→ **Requirement**
Your answer must be the records below, repeated exactly, with every picture left out.

Dataset items
↓↓↓

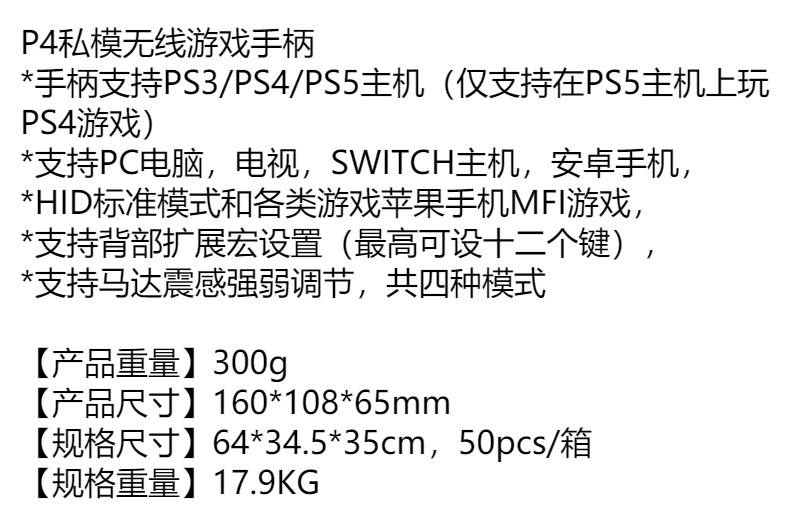 개인 모델 P4 무선 게임 핸들 PS4 게임 핸들 지원 PC 컴퓨터/PS4/스위치/Android 게임
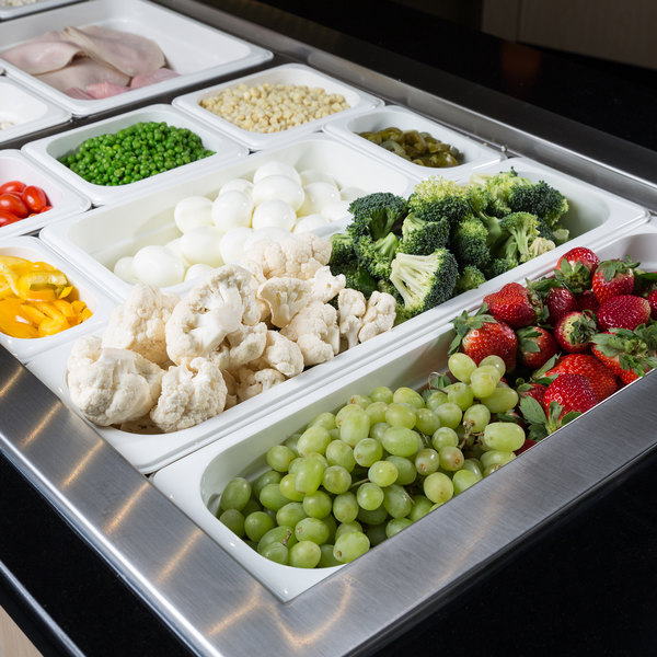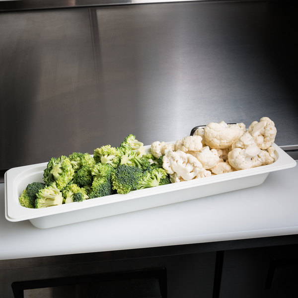 Policarbonato. Apta para lavavajillas. La tapa se vende por separado al igual que el fondo perforado. Accesorios: tapa plana (20LPCWC) y el fondo perforado (20LPCWD) se puede adquirir también por separado.
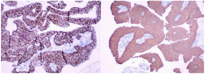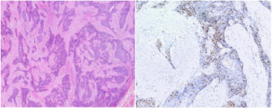Figure 8 Pathological findings of a case of lacrimal carcinoma(H&E staining ×100, Immumohistochemical staining ×200)
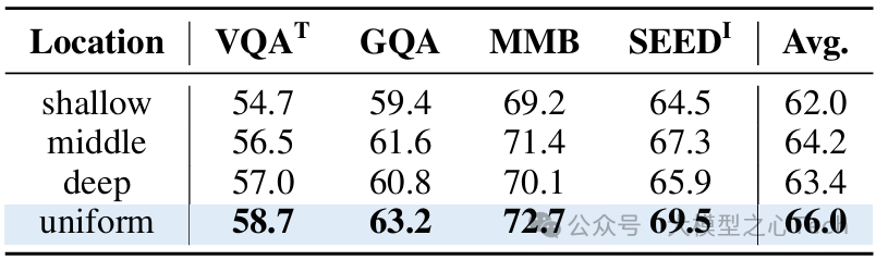 表7:调制位置的影响。将ViLN均匀分布在各层可实现更有效的多模态集成。
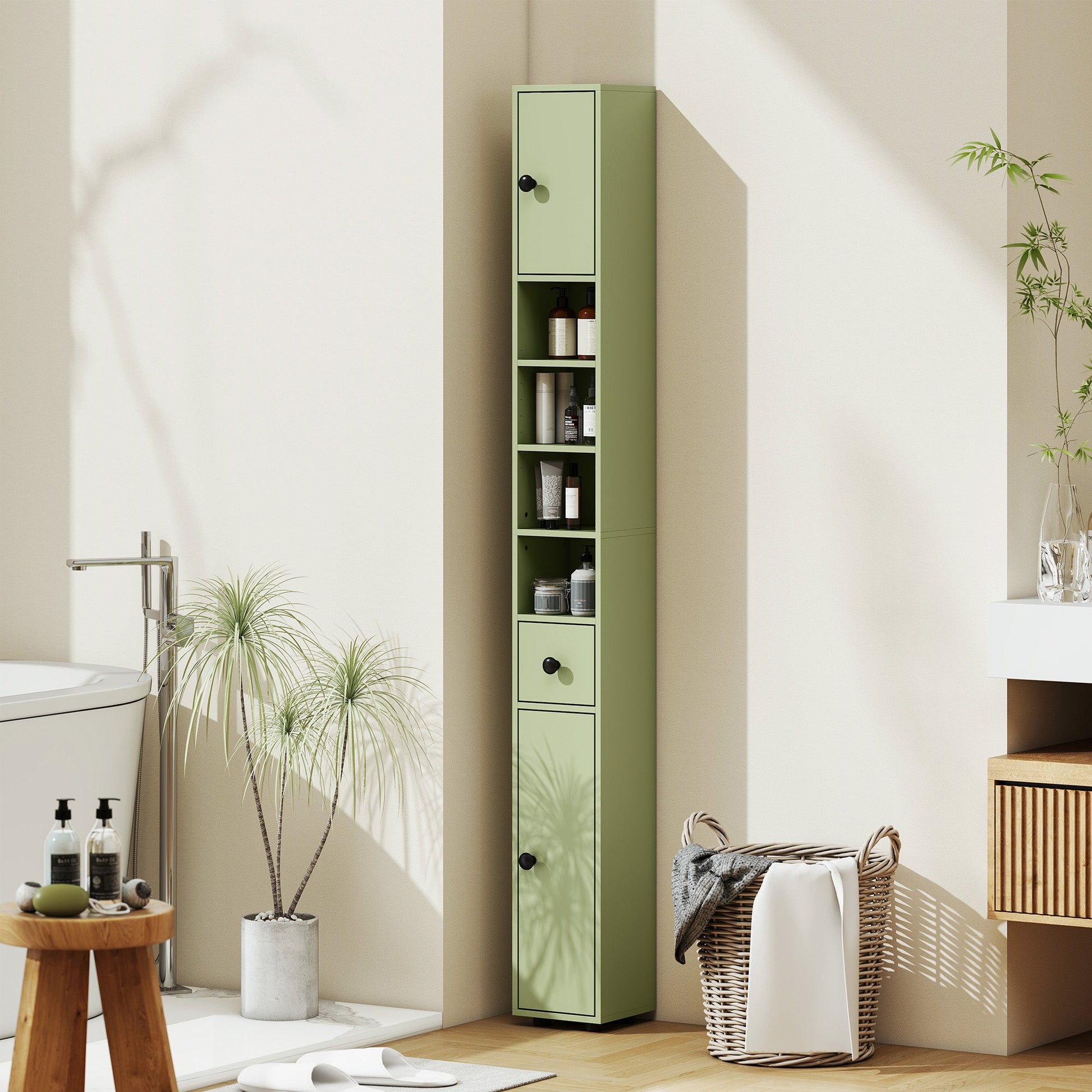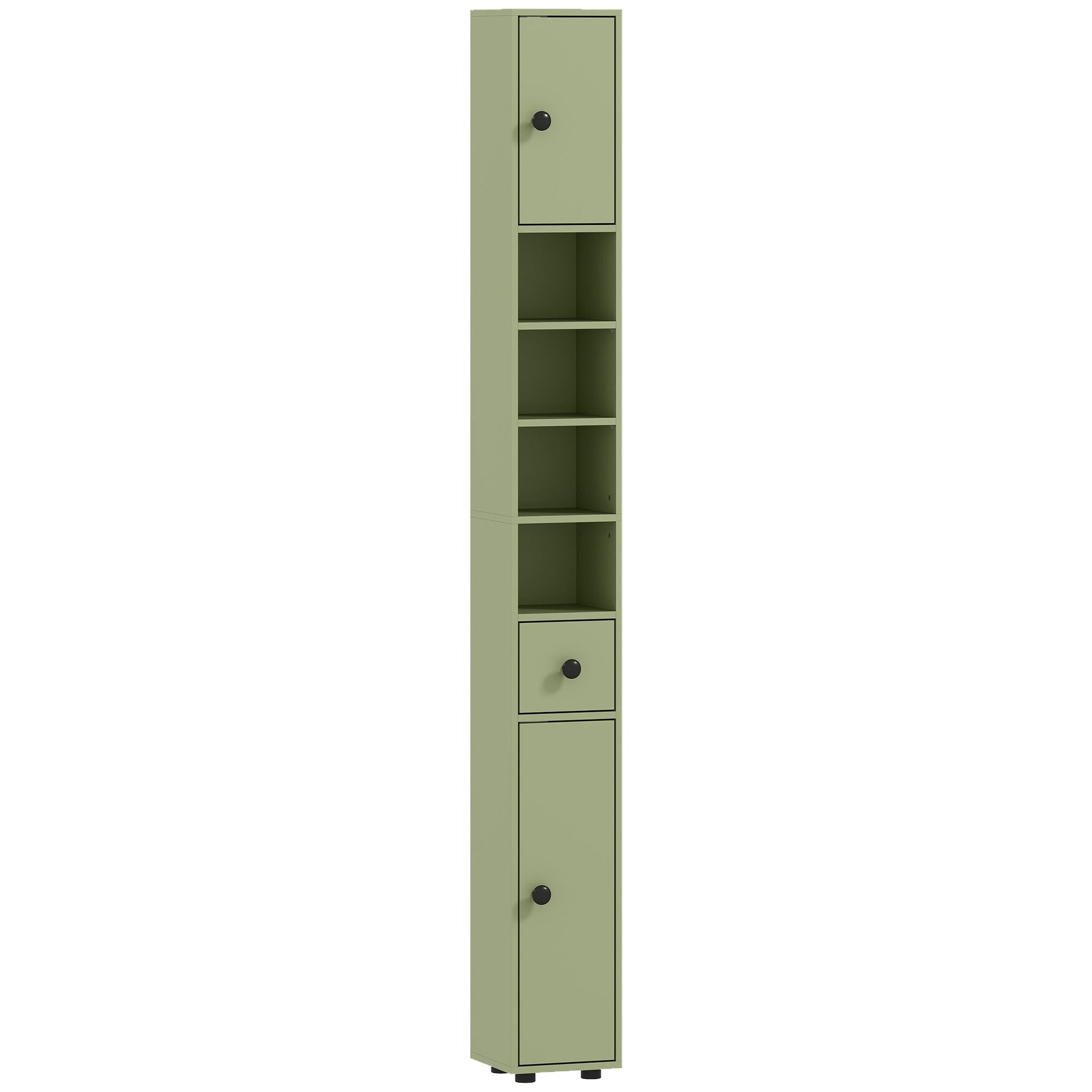 kleankin 180cm Slim Bathroom Cabinet, with Drawer, Shelves and Cupboards - Green
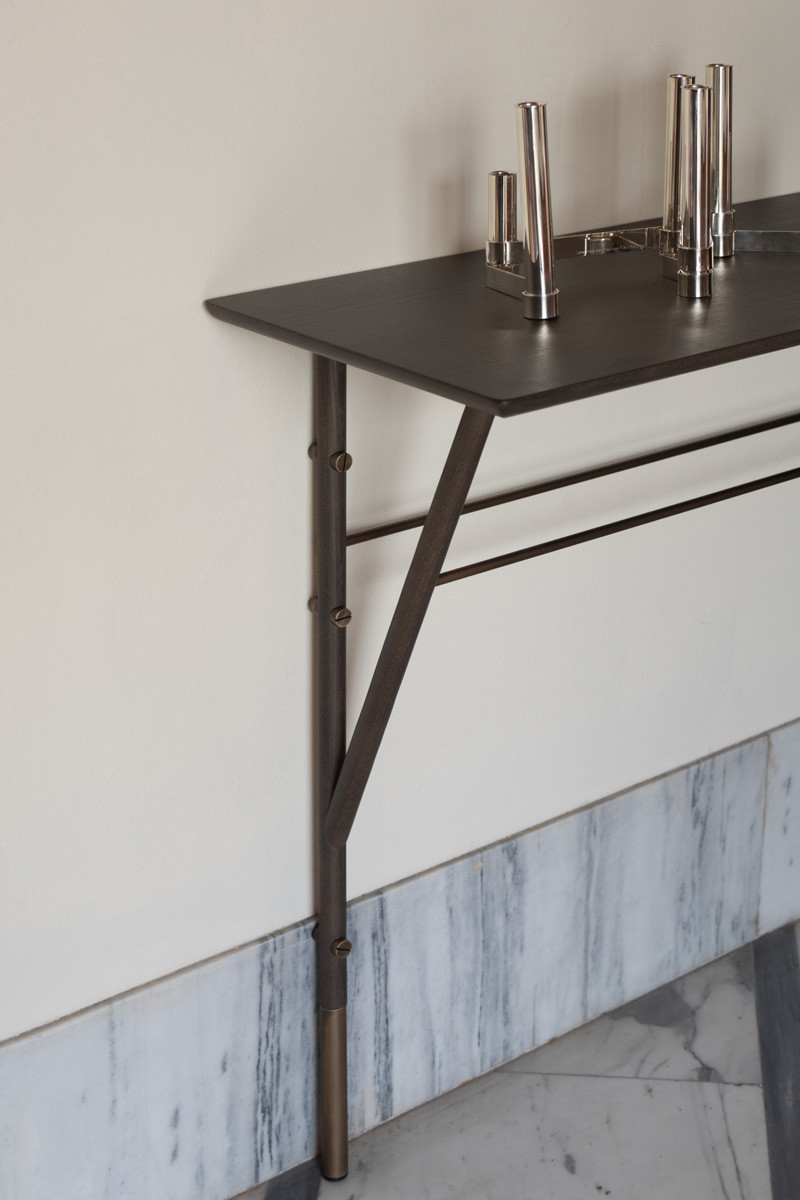 Консоль Potocco Wood_Y от Chiara Andreatti — настенная модель с Y-образными ножками. Столешница из массива ясеня с тонким профилем и прямыми кромками. Металлические элементы из бронзированной латуни выделяют узлы конструкции. Компактная модель для входной зоны сохраняет общий стиль коллекции Wood_Y.
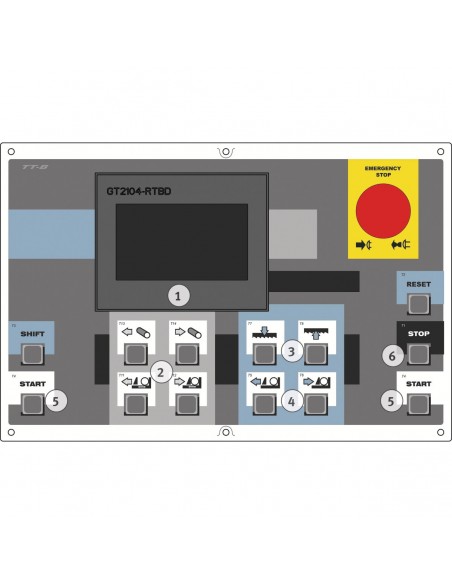 - Szczęki obu imadeł są standardowo wyposażone w siłowniki hydrauliczne o dużym skoku, co eliminuje konieczność wstępnego ustawiania ich do przekroju materiału, który ma być cięty.
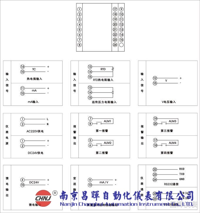 測量顯示+報(bào)警,儀表無通訊和變送輸出,4-20mA(wn****)輸入,帶上、下限報(bào)警/控制輸出,DC24V饋電輸出,儀表外為AC220V供電,儀表為外型為160×80mm橫式
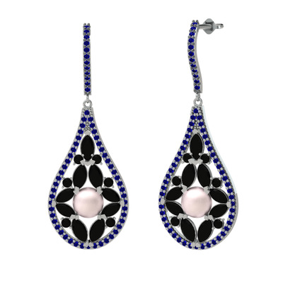 Pembe inci, siyah zirkon ve lab safir 8 ayar beyaz altın küpe
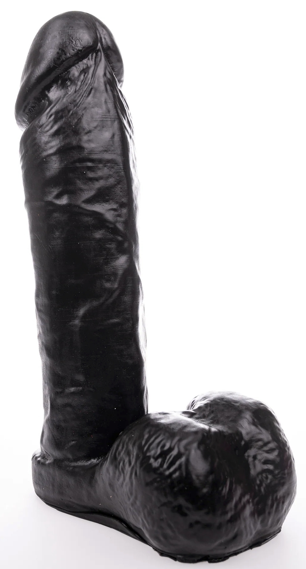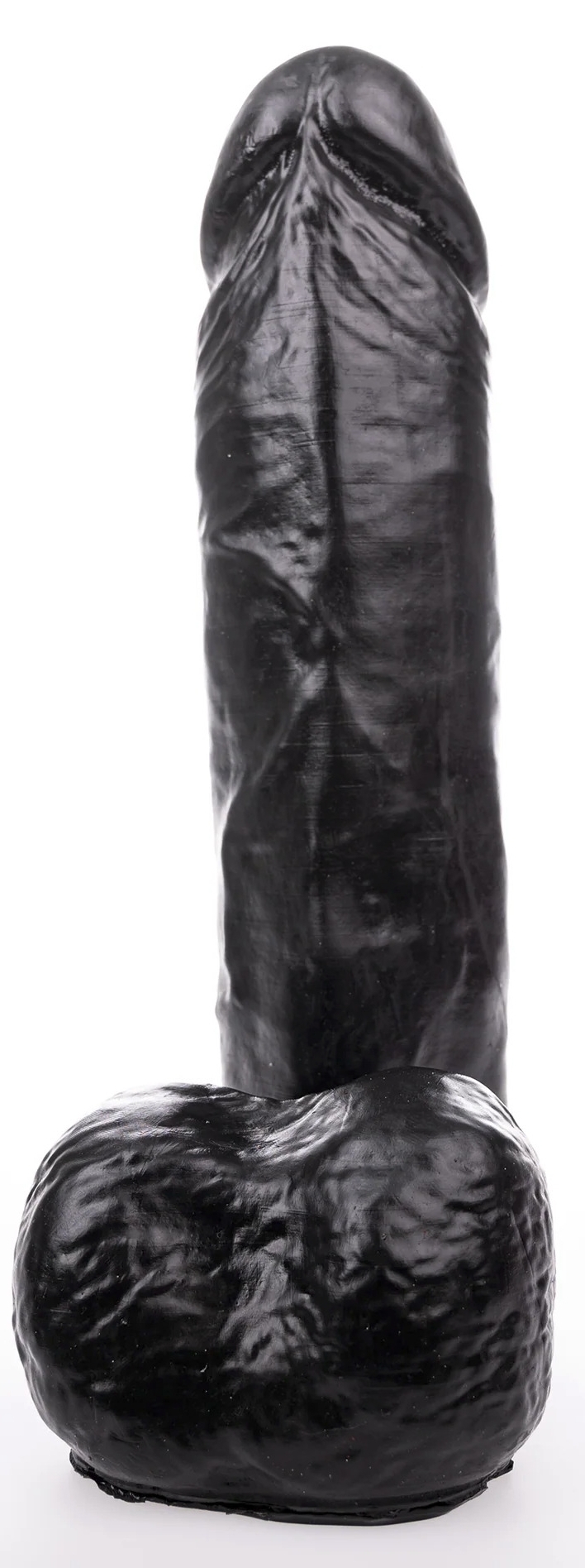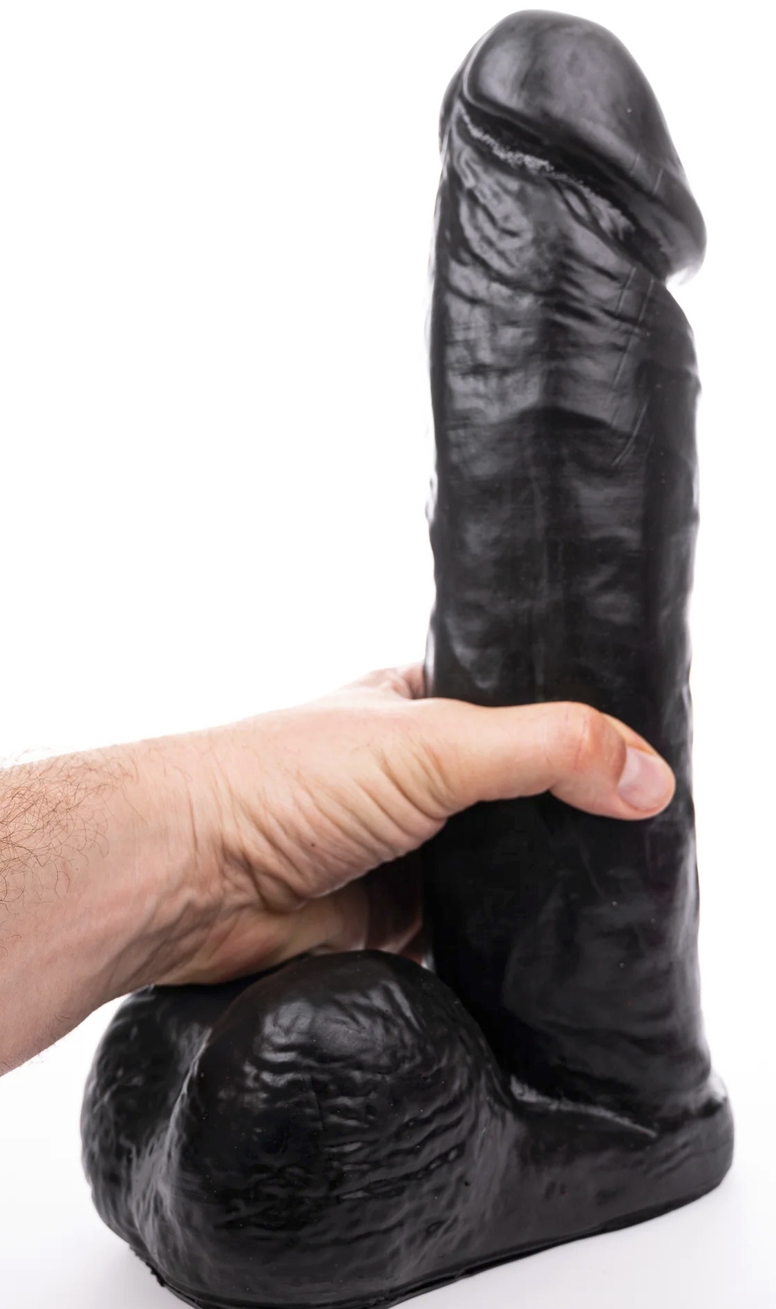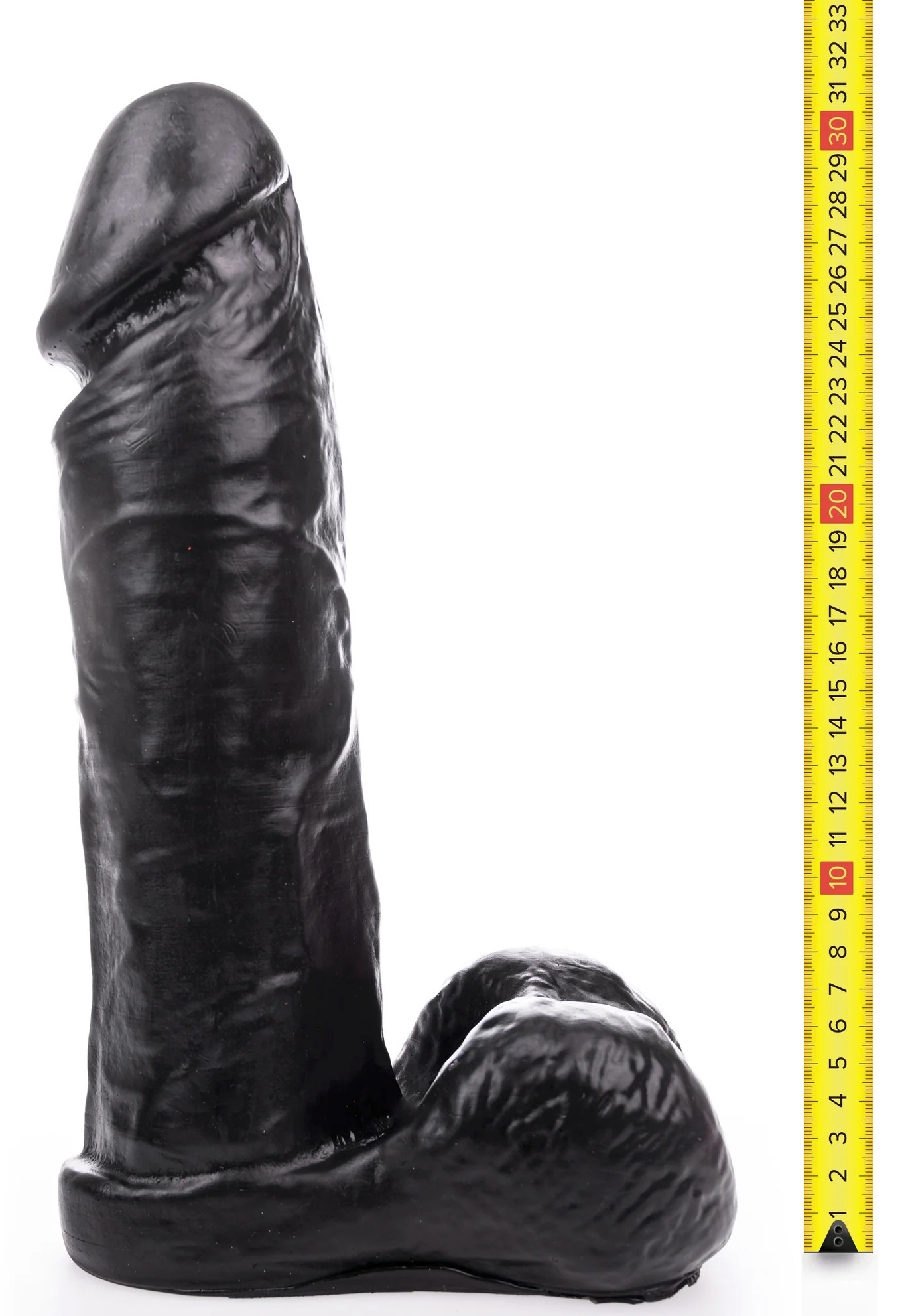 Gode noir avec des dimensions importantes et une forme réaliste.Le gland est décalotté et la surface est veinée.La longueur insérable est de 28 cm. Largeur maximale de 8 cm. Base ventouse amovible. En PVC sans phtalates.

↑↑↑

→ **Response box**
 개인 모델 P4 무선 게임 핸들 PS4 게임 핸들 지원 PC 컴퓨터/PS4/스위치/Android 게임
 Policarbonato. Apta para lavavajillas. La tapa se vende por separado al igual que el fondo perforado. Accesorios: tapa plana (20LPCWC) y el fondo perforado (20LPCWD) se puede adquirir también por separado.
Figure 8 Pathological findings of a case of lacrimal carcinoma(H&E staining ×100, Immumohistochemical staining ×200)
 表7:调制位置的影响。将ViLN均匀分布在各层可实现更有效的多模态集成。
 kleankin 180cm Slim Bathroom Cabinet, with Drawer, Shelves and Cupboards - Green
 Консоль Potocco Wood_Y от Chiara Andreatti — настенная модель с Y-образными ножками. Столешница из массива ясеня с тонким профилем и прямыми кромками. Металлические элементы из бронзированной латуни выделяют узлы конструкции. Компактная модель для входной зоны сохраняет общий стиль коллекции Wood_Y.
 - Szczęki obu imadeł są standardowo wyposażone w siłowniki hydrauliczne o dużym skoku, co eliminuje konieczność wstępnego ustawiania ich do przekroju materiału, który ma być cięty.
 測量顯示+報(bào)警,儀表無通訊和變送輸出,4-20mA(wn****)輸入,帶上、下限報(bào)警/控制輸出,DC24V饋電輸出,儀表外為AC220V供電,儀表為外型為160×80mm橫式
 Pembe inci, siyah zirkon ve lab safir 8 ayar beyaz altın küpe
 Gode noir avec des dimensions importantes et une forme réaliste.Le gland est décalotté et la surface est veinée.La longueur insérable est de 28 cm. Largeur maximale de 8 cm. Base ventouse amovible. En PVC sans phtalates.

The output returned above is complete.